Após pressão SEDUC recua e ouvirá comunidades escolares do Francisco Portugal e 15 de Outubro

Escrito por Caroline Santos Ligado .

Foto: ASCOM/SEDUC

Em audiência ocorrida na tarde da última segunda, dia 21, o secretário de Educação, Josué Passos determinou, após proposta apresenta pelo SINTESE, que a Diretoria de Educação em Aracaju – DEA irá ouvir as comunidades das escolas estaduais Prof. Francisco Portugal (no Augusto Franco) e 15 de Outubro (no Getúlio Vargas). A plenária na Escola Estadual Prof. Francisco Portugal acontece na quarta, dia 23, a partir das 19h e na Escola Estadual 15 de Outubro acontecerá na quinta, dia 24, com início às 7h30.

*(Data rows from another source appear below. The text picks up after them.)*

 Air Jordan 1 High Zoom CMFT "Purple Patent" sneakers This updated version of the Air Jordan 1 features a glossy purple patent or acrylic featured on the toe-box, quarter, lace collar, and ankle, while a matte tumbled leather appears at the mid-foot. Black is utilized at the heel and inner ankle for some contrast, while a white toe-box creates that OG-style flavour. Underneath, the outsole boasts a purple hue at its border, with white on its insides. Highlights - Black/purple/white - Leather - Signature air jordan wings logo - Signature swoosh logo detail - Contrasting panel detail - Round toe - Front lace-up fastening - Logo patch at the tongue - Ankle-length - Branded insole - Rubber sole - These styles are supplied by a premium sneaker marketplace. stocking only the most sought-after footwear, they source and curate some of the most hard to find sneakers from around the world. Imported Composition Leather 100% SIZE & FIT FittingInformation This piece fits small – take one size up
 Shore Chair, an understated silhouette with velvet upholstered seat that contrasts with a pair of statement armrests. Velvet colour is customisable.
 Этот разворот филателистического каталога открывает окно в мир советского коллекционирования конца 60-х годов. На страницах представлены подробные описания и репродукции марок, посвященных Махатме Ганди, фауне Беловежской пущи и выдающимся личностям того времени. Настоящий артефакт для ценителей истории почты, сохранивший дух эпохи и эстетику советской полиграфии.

A decisão da SEDUC veio após a audiência, professores, professoras e estudantes das duas escolas colocaram a sua discordância com o fechamento do turno noturno (no caso do Francisco Portugal) e da extinção da escola (15 de Outubro).

As duas comunidades escolas foram pegas de surpresa pelo anúncio do fechamento. Na terça da semana passada (dia 15), estudantes e professores da escola Professor Francisco Portugal fizeram um ato em defesa do turno noturno. Para todos fechar o turno noturno da escola vai deixar muita gente sem possibilidade de continuar os estudos.

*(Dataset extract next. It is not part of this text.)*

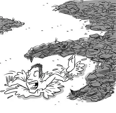 在垃圾的海洋里痛苦挣扎.
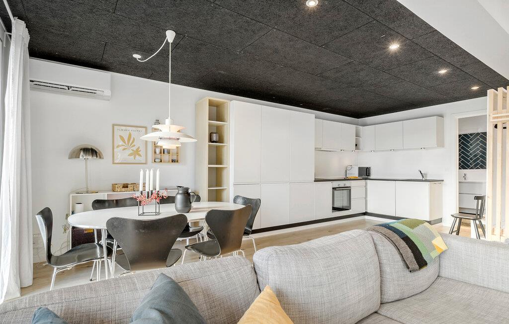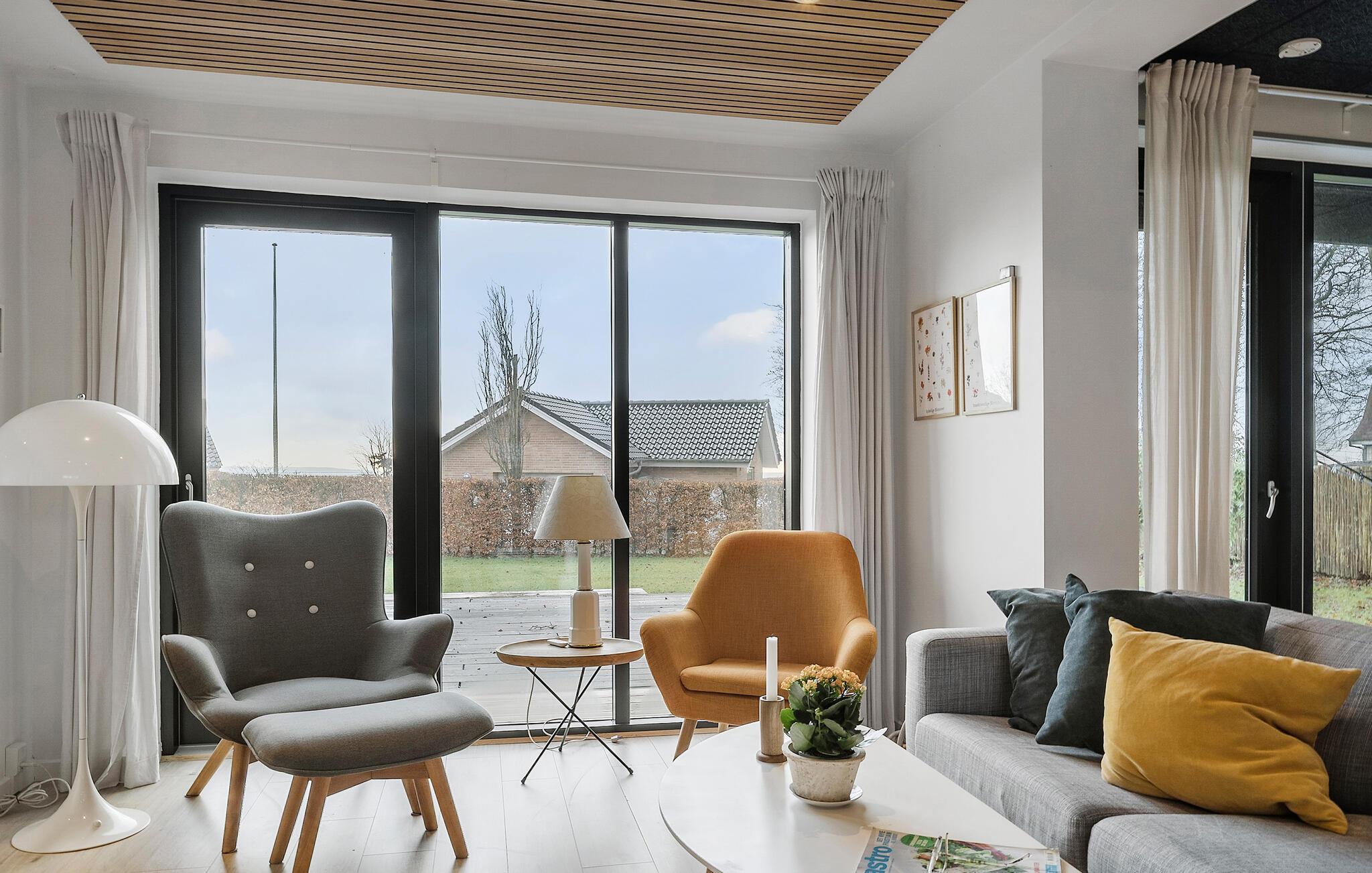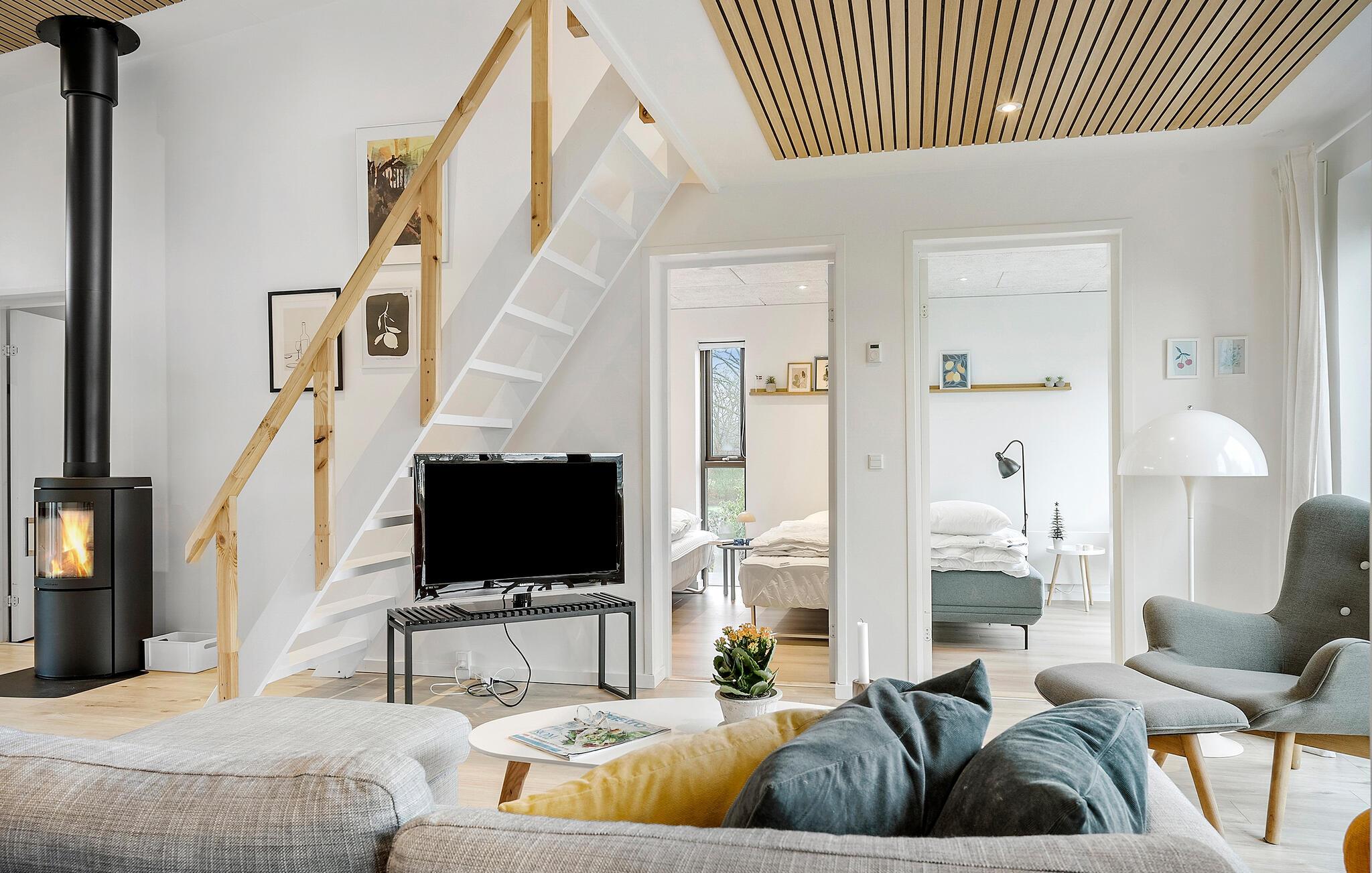 Kom ind og nyd det åbne design i to plan, som skaber en rummelig følelse, der suppleres af høj kvalitet og smagfulde indretningsløsninger. I opholdsrummet sørger brændeovnen for hyggelig varme og ekstra stemning. De store vinduespartier lukker masser af naturligt lys ind og sørger for en smuk udsigt over haven. Den store terrasse lægger op til at nyde en frisk havbrise, mens stranden kun ligger en kort gåtur væk.

No início da reunião, a diretora da Diretoria de Educação em Aracaju – DEA, Eliane Passos, relatou estudos feitos pela Secretaria de Estado da Educação, do Esporte e da Cultura – SEDUC para determinar o reordenamento da rede estadual mostram que estas duas escolas mais a as escolas São José, Lourival Fontes, Lourival Baptista, Coelho Neto, General Valadão não possuem quantitativo suficiente de matrículas para continuarem funcionando.

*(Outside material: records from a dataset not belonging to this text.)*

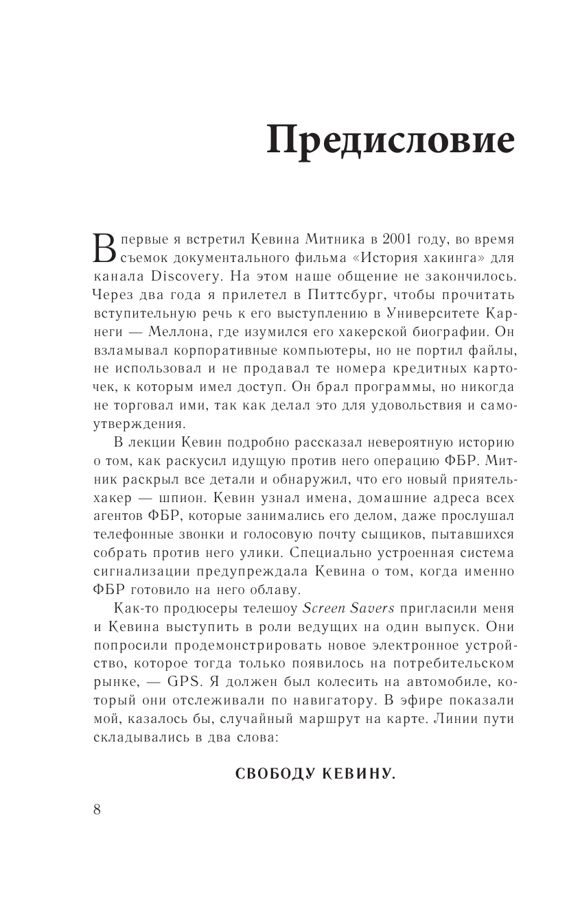 Он долгие годы рыскал по киберпространству, всегда опережая преследователей не на шаг, а на три шага, и заслужил славу человека, которого невозможно остановить. Но для Митника хакерство не сводилось только к технологическим эпизодам — он плел хитроумные сети обмана, проявляя редкое коварство и выпытывая у ничего не подозревающего собеседника ценную информацию.
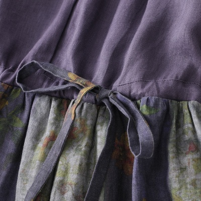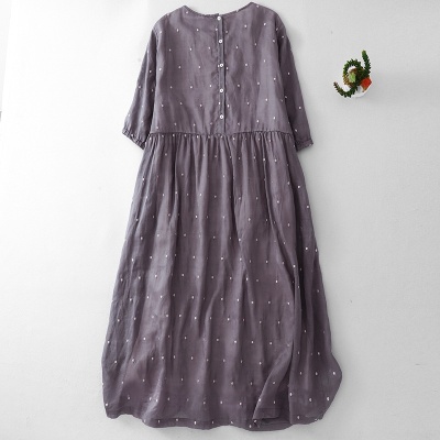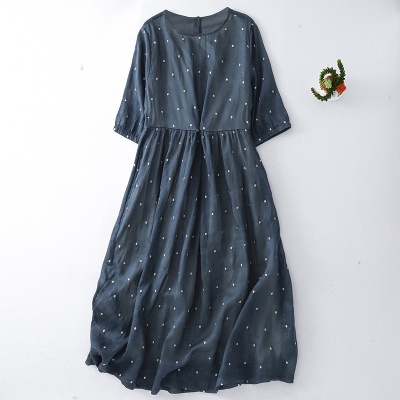 2025夏季新款轻盈高端棉麻印花圆领大摆文艺气质连衣裙宽松文艺女
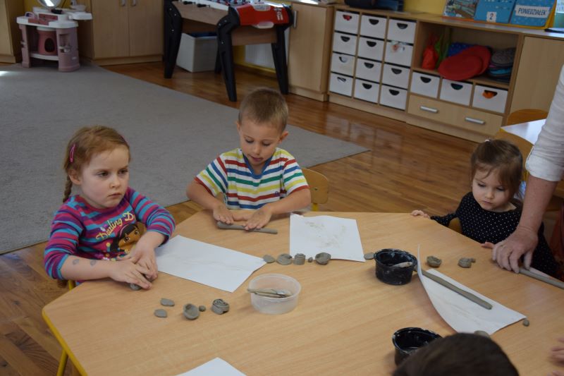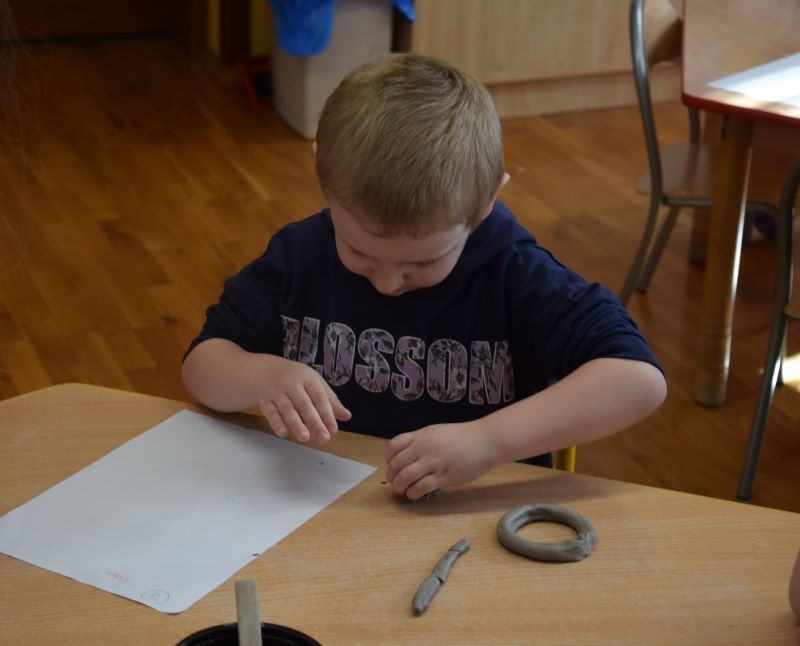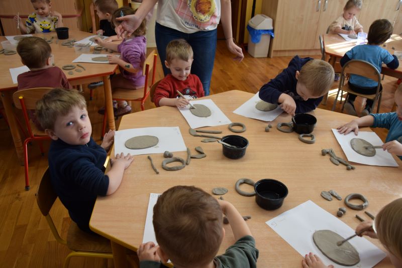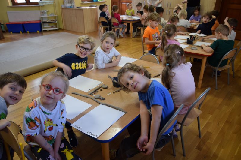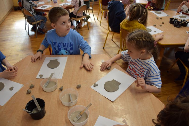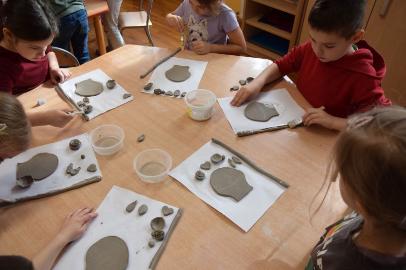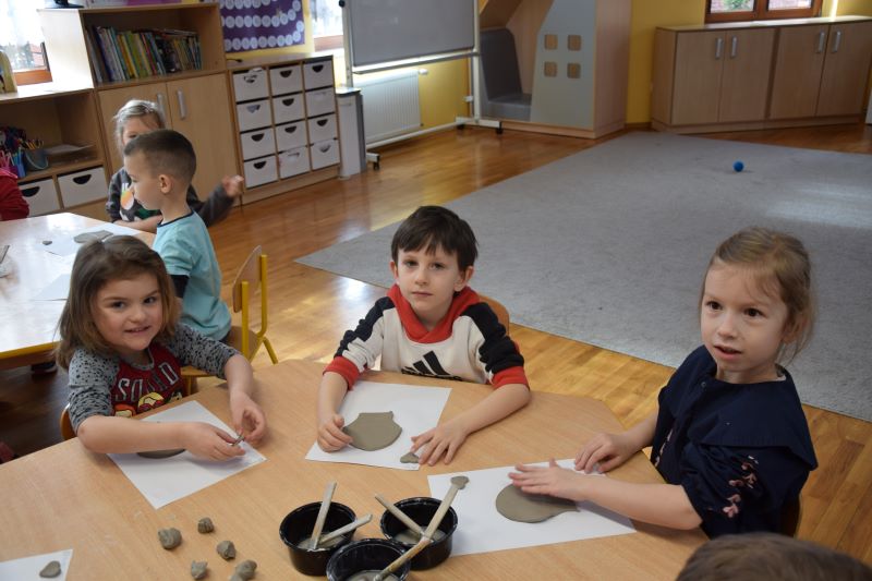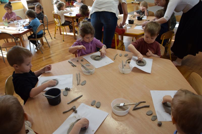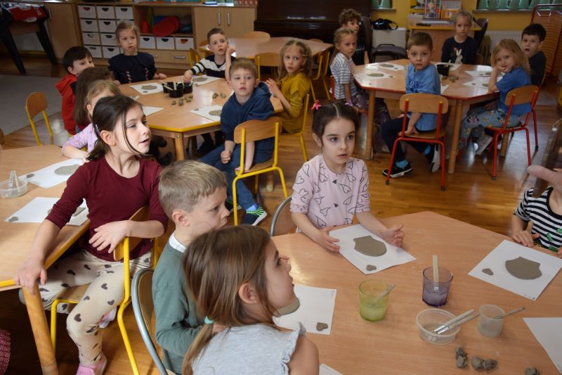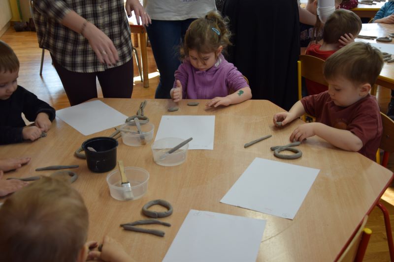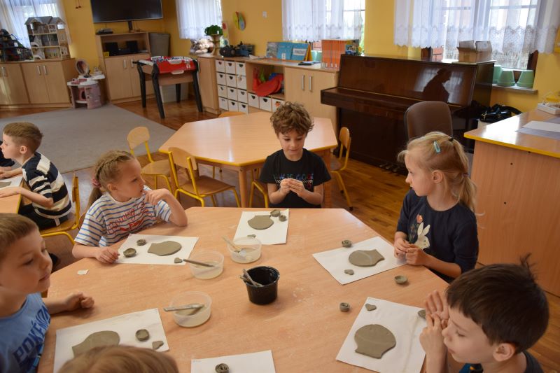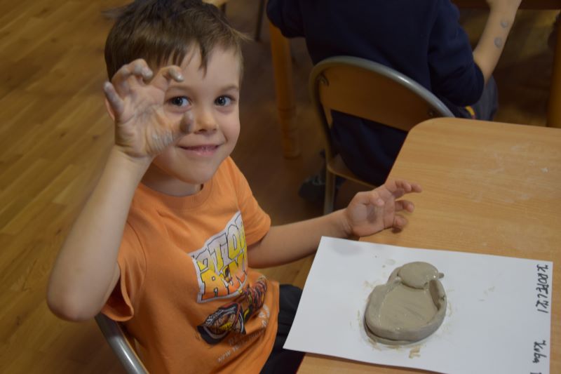 W naszym przedszkolu kolejny już raz odbyły się warsztaty ceramiczne. Przedszkolaki wykonały z gliny piękne kwiaty, koszyczki kwiatowe oraz kotki. Kontakt z gliną wpłynął na dzieci wyciszająco, a także usprawnił rozwój koncentracji uwagi. Podczas zajęć dzieci rozwijały swoją samodzielność i cierpliwość, a także doskonaliły sprawność motoryki małej.

Para o SINTESE, mais uma vez, a SEDUC erra ao não ouvir as comunidades escolares. “Não dá para balizar uma decisão como esta (de fechar turnos e escolas) somente na frieza dos números. Mas o que continua acontecendo é que a SEDUC decide as ações, repassa para as diretorias das escolas e estas, por conseguinte, somente repassam para a comunidade escolar, como uma determinação. É preciso dialogar, debater com quem está no chão da escola,”, disse a presidenta do SINTESE, professora Ivonete Cruz.

A presidenta ainda reafirmou que sem diagnóstico preciso e diálogo com as comunidades escolares qualquer ação de fechamento seja de turmas, turnos ou escolas irá aprofundar ainda mais a perda de matrícula e, consequentemente, a perda de recursos na rede estadual.